## Problem to work on
Once you reach the line with "教师·学生 图文来自网络,版权归原作者,如有不妥,告知即删 点击阅读原文下载1-12年级全部资料" below, copy each line exactly, stopping after the line with "Een perfect cadeau.", and skip any pictures.

Information below:

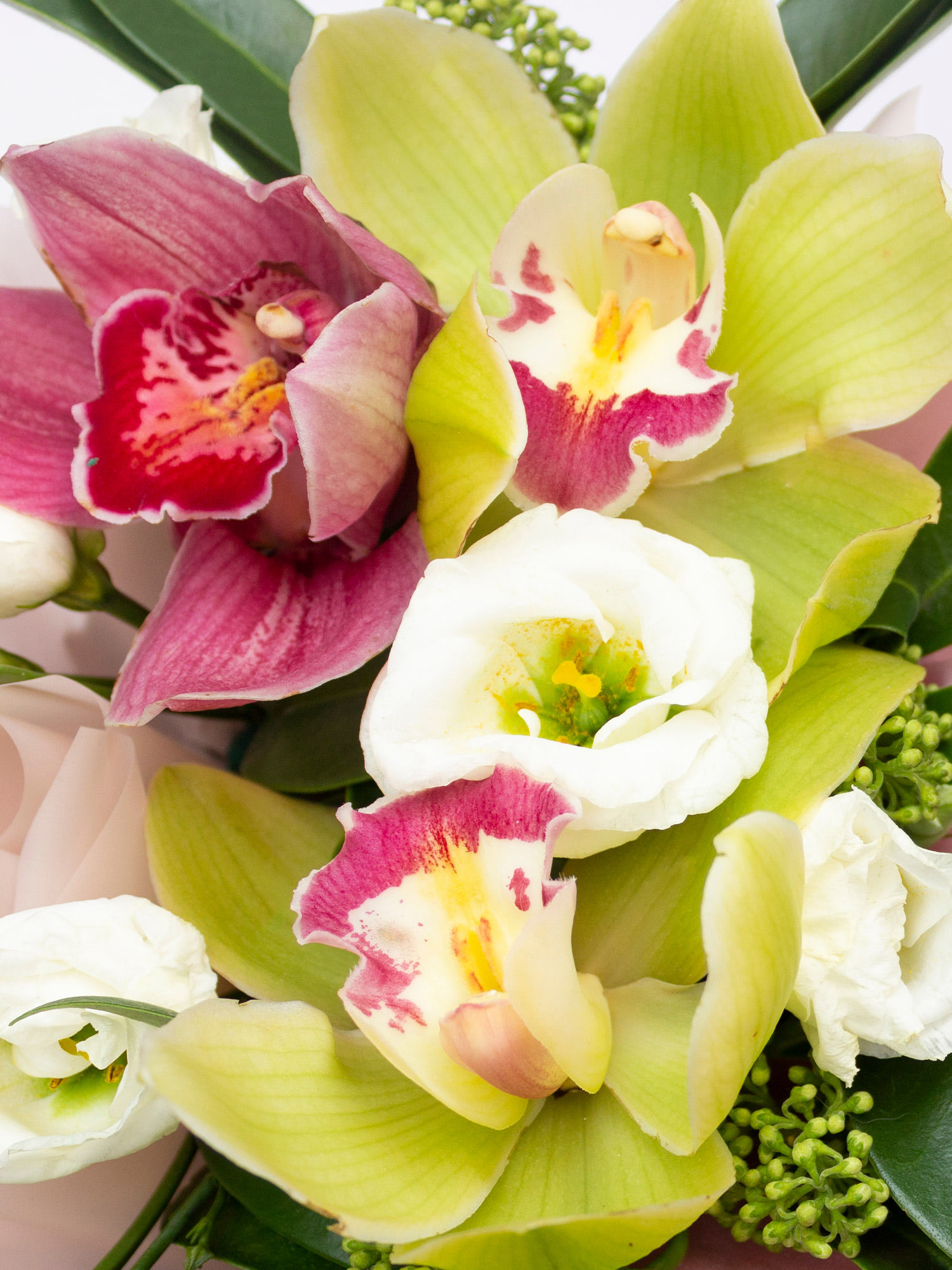 - Orchids — Smooth and velvety with gently curved petals, orchids are beloved, refined, and luxe. They offer soft dimension yet new vibrancy and symbolism through multicoloured petal tones. Their graceful symmetry and elevated form bring rich tropical beauty to the season, pairing beautifully with glossy greens, sculptural stems, and brighter summer florals. In shades of pink, white, purple, orange, yellow, and green, orchids add a luminous layer of colour that’s expressive and flawlessly suited to summer hosting.
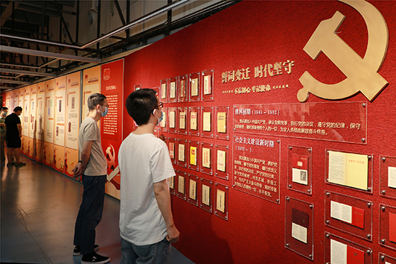 本次展覽以兩館所藏的豐富紅色文獻資源為基礎,精選出172篇文獻,分為感悟思想偉力、黨章宣誓初心、理論創新成果、講述革命歷程、繁榮紅色文藝五個單元,系統梳理了《共產黨宣言》《中國共產黨黨章》等重要紅色文獻。
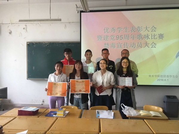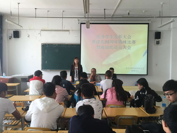 2016年6月1日中午,美术公司学工办、分团委、员工会,在1-704召开优秀员工表彰大会暨建党95周年歌咏比赛、禁毒宣传动员大会。会议由公司辅导员分团委书记匡扶老师主持,员工会全体成员以及2014级、2015级班委全体成员30多人参加了本次活动。
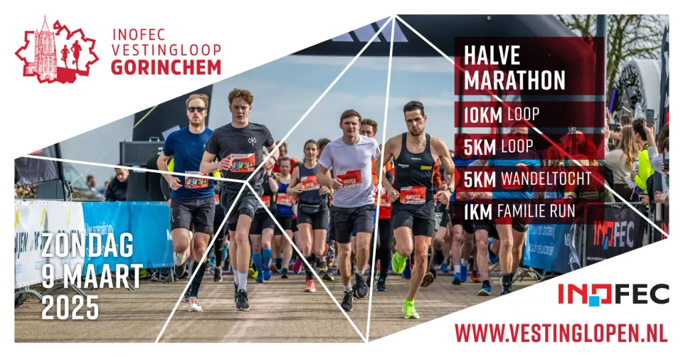 Doe mee aan de vijfde editie van de Inofec Vestingloop, een hardloopevenement voor alle leeftijden en niveaus. Kies uit de 1 km Familieloop, 5 km, 10 km of de Halve Marathon. Voor wandelliefhebbers is er een 5 km wandeltocht over de historische vestingwallen. De start en finish bevinden zich in het Wilhelminapark. Inschrijven kan tot en met 8 maart 2025.
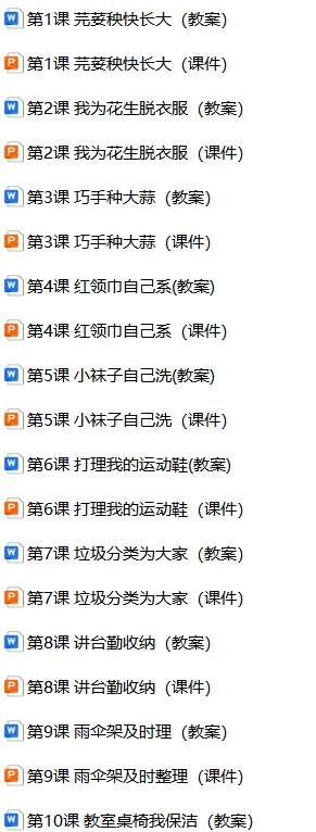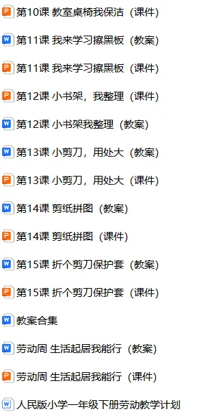 【电子版】2026人民版 小学一年级劳动 (教案+课件+计划)全套下载 可打印 下载原文请拉到文末 下载原文请拉到文末 01 资料目录 下拉到文章底部有二维码的地方下载 02 部分课件展示 版面有限 仅展示部分内容 03 部分教案展示 版面有限 仅展示部分内容 下载方法 长按二维轻松下载 电脑下载,方便保存 复制网址去电脑打开: https://jazpan.com/view/2444883 更多资源,关注以下公众号 教师·学生 图文来自网络,版权归原作者,如有不妥,告知即删 点击阅读原文下载1-12年级全部资料
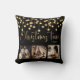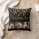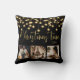 "Kersttijd" in mooi script op een zwarte achtergrond. Vervang foto's met 3 van je favoriete foto's. Goudfaux snaarlichten/lantaarns hangen naar beneden. Verander het jaar en wat een mooie kussen. Elegant. Een perfect cadeau.
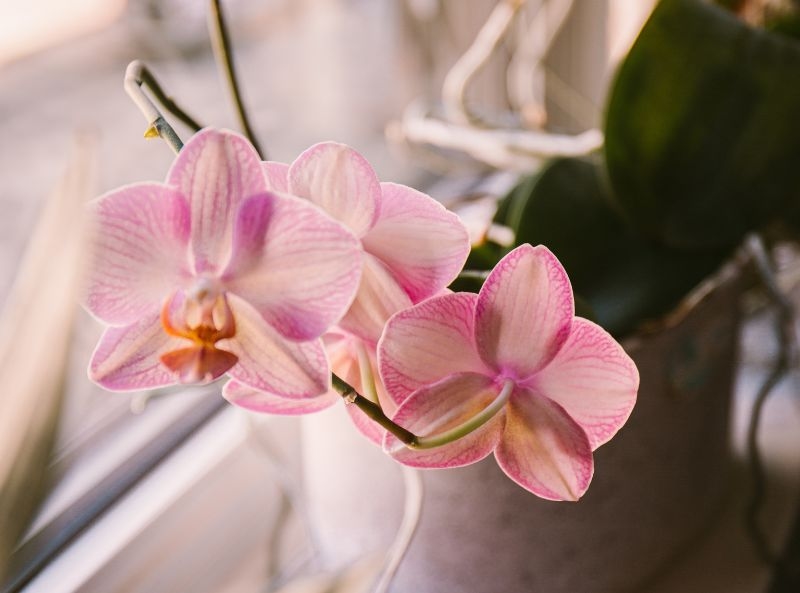 Most tropical orchids prefer humidity levels ranging from 60% to 80%. With most houses’ winter humidity levels averaging around 30%, orchid gardeners frequently use a humidifier or place their orchids on rubber grids put in waterproof trays or gravel-filled trays filled with just enough water to avoid touching the roots. Some orchids benefit from misting as well.
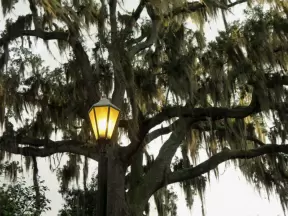 Short walk around shimmering lake with moss-draped trees, past Spanish mansions.

End of Information.

## Response to the exercise
 【电子版】2026人民版 小学一年级劳动 (教案+课件+计划)全套下载 可打印 下载原文请拉到文末 下载原文请拉到文末 01 资料目录 下拉到文章底部有二维码的地方下载 02 部分课件展示 版面有限 仅展示部分内容 03 部分教案展示 版面有限 仅展示部分内容 下载方法 长按二维轻松下载 电脑下载,方便保存 复制网址去电脑打开: https://jazpan.com/view/2444883 更多资源,关注以下公众号 教师·学生 图文来自网络,版权归原作者,如有不妥,告知即删 点击阅读原文下载1-12年级全部资料
 "Kersttijd" in mooi script op een zwarte achtergrond. Vervang foto's met 3 van je favoriete foto's. Goudfaux snaarlichten/lantaarns hangen naar beneden. Verander het jaar en wat een mooie kussen. Elegant. Een perfect cadeau.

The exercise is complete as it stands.